I was recently speaking at the 2009 PubCon in Las Vegas on both an Organic Site Review Clinic & an SEO Site Design Panel.
The Organic Site Clinic on Wednesday November 11th was only myself & Alan K’necht of K’nechtology where we were aligned on foundational & canonical SEO for the sites we reviewed as we are both sticklers for proper back-end coding.
We even came across a site that was using a MORE link to hide content at the bottom of each of their pages – the site will remain unnamed
Later that Wednesday after lunch I was on an SEO Design & Organic Site Structure panel with Ted Ulle of Converseon, Lyndsay Walker of Canada’s Web Shop, Scott Polk of Search & Social Media.
Moderating this motley crew was Christine Churchill of KeyRelevance with QA moderator Taylor Pratt of nFusion.


We all agreed we would keep our presentations to under 5 minutes so people could ask plenty of questions and get some great takeaways rather than just simply hearing us talk on and on, on stage.
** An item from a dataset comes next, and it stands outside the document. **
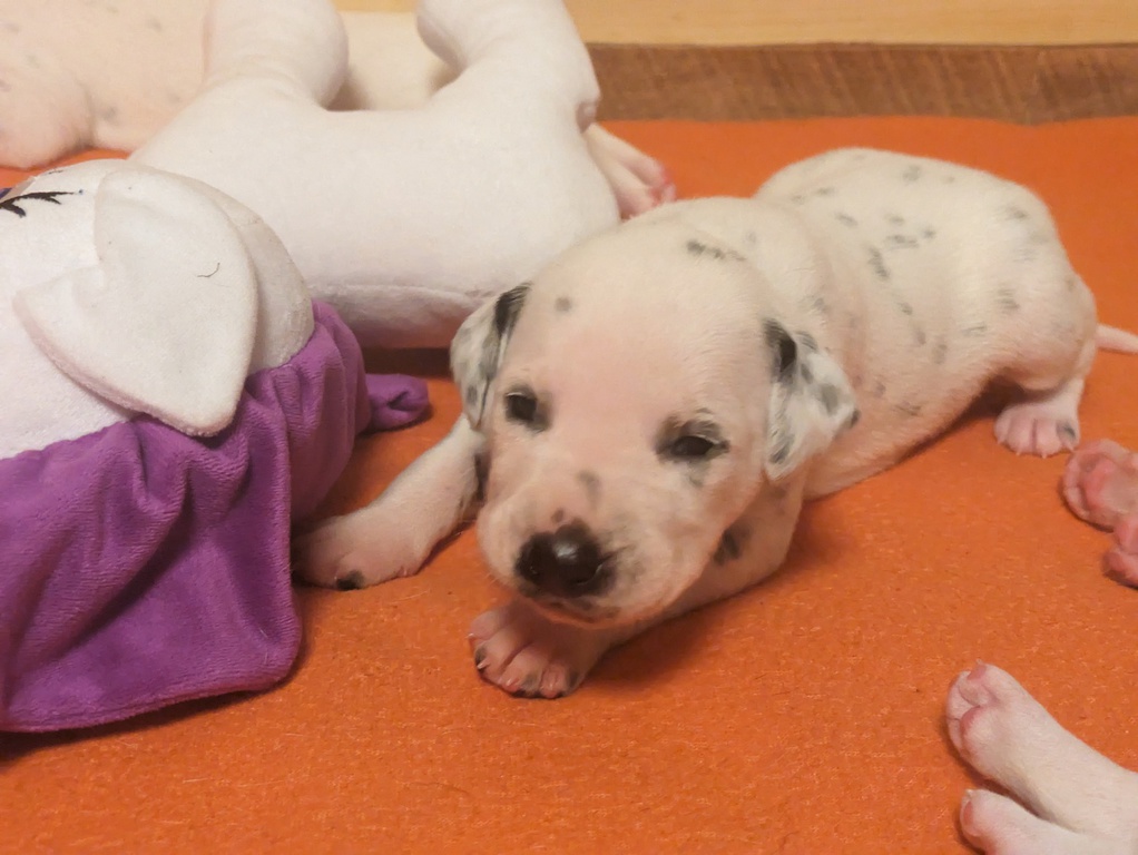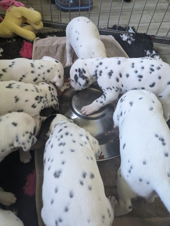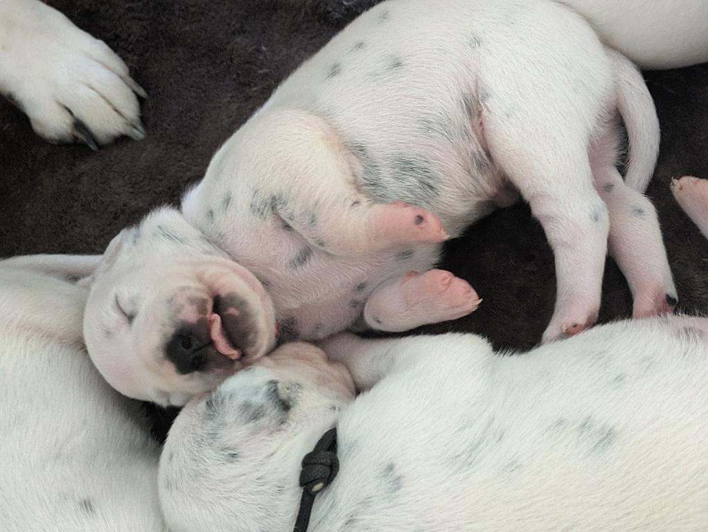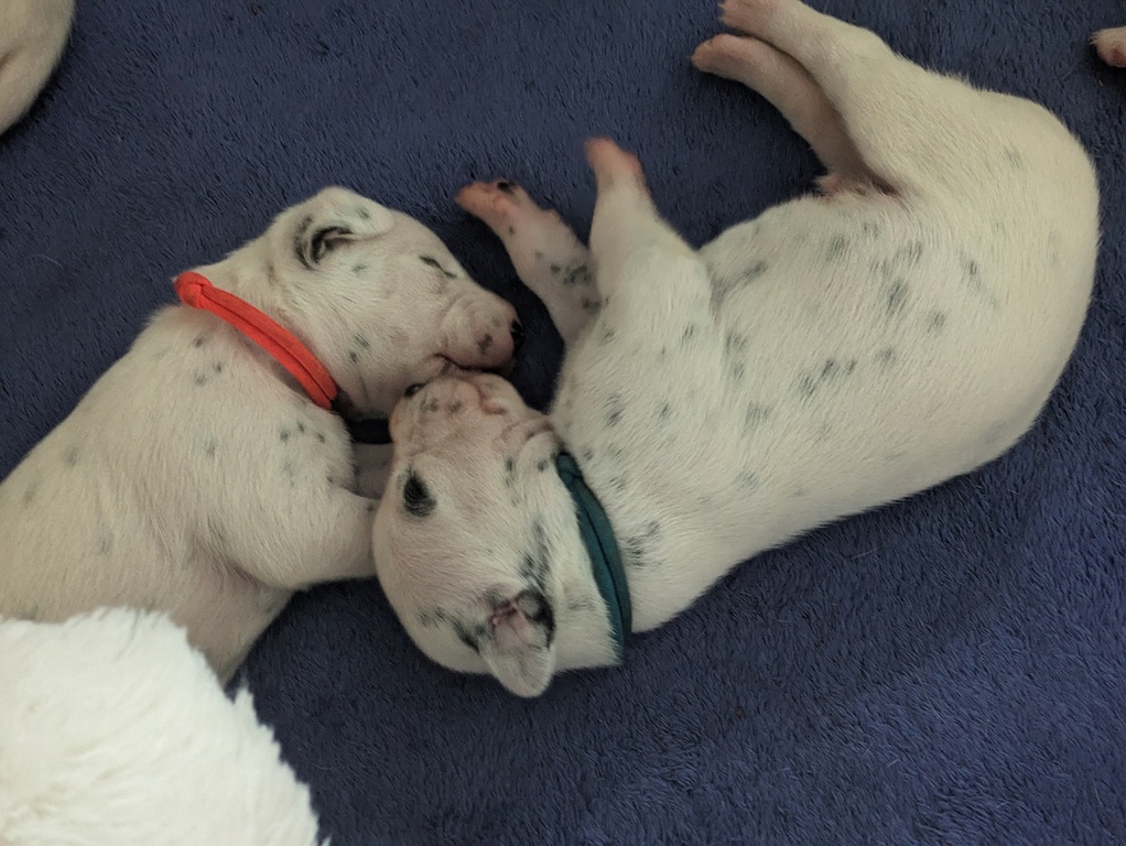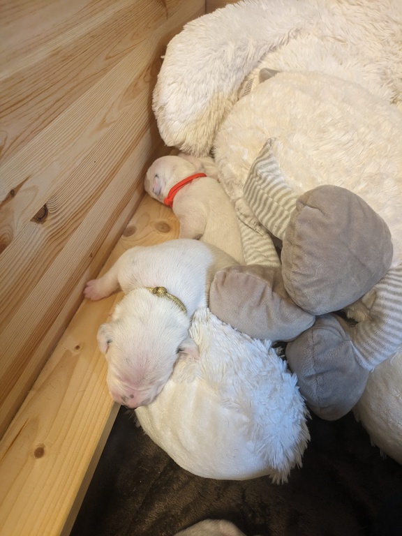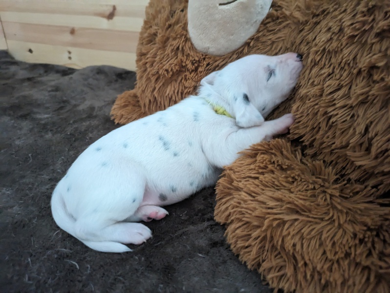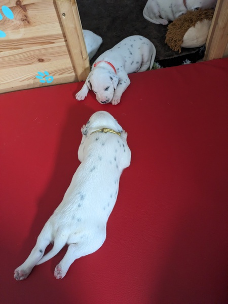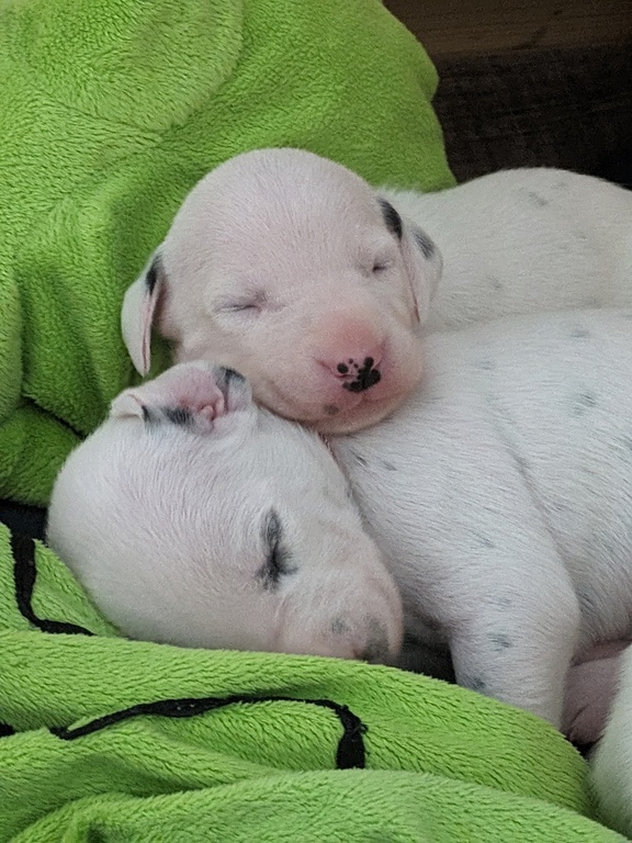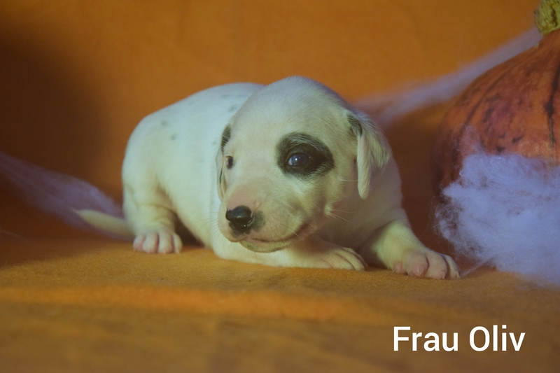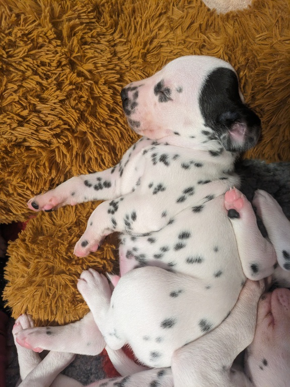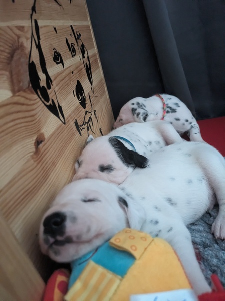 Die Pünktchen Bande nimmt gut zu, damit sind wir völlig zufrieden. Die Schlafensphansen sind auch schon etwas länger, jedoch ist dann richtig Party wenn alle wach sind und an die Milchbar wollen. Die ersten Äuglein sind schon auf. Herr Schwarz war hier der Erste, er ist insgesamt relativ flott, auch beim laufen und erkunden. Frau Gelb, Frau Oliv, Frau Orange und Herr Petrol haben ebenfalls die Augen offen. Die restlichen 5 lassen sich noch etwas Zeit damit, sie wollen wohl noch nicht die Welt sehen. Trotzdem sind sie alle schon recht gut auf ihren Beinchen unterwegs und die ganze Wurfbox wird erkundet. Ist mal kein Spielzeug in der Box, so finden sie das überhaupt nicht gut, schließlich wollen sie auf die Kuscheltiere drauf klettern oder sich darunter verstecken zum schlafen. Zur Not müssen halt die Geschwister her halten und werden als Kopfkissen benutzt. Es wird auch schon fleißig am Geschwisterchen herum gekanabbert und auch an Mama Ami. Es wird sich schon hingesetzt wie ein Großer und auch die Bellversuche werden immer besser. Das Körbchen reicht nun auch nicht mehr aus und so sind wir auf eine Faltbox umgestiegen, dies fanden sie am ersten Tag allerdings nicht so lustig und Herr Petrol hat dies auch laut verkündet und fleißig gebellt. Dies hört sich natürlich aktuell alles noch sehr lustig an. Nach kurzer Zeit, fanden es aber alle in Ordnung und haben sich friedlich ineinander gekuschelt und geschlafen. Auch der Distanzrahmen ist abgekommen, denn da passen sie nicht mehr drunter und so ist gefühlt auch etwas mehr Platz in der Box.

I spoke on foundational SEO concentrating on what I term the big 3 of the .htaccess, robots.txt, & Webmaster Tools – I included my presentation below:
Ted went over some great foundational design information while Lyndsay went into coding advice and Scott provided some great tips, but where I disagreed with Scott is on using file extensions over directories.
I like & respect Scott Polk as he is great speaker with a wealth of knowledge & experience coming from Bruce Clay thus I didn’t want to undermine him publicly so I simply nodded in agreement with Ted on stage with him stating he prefers directories.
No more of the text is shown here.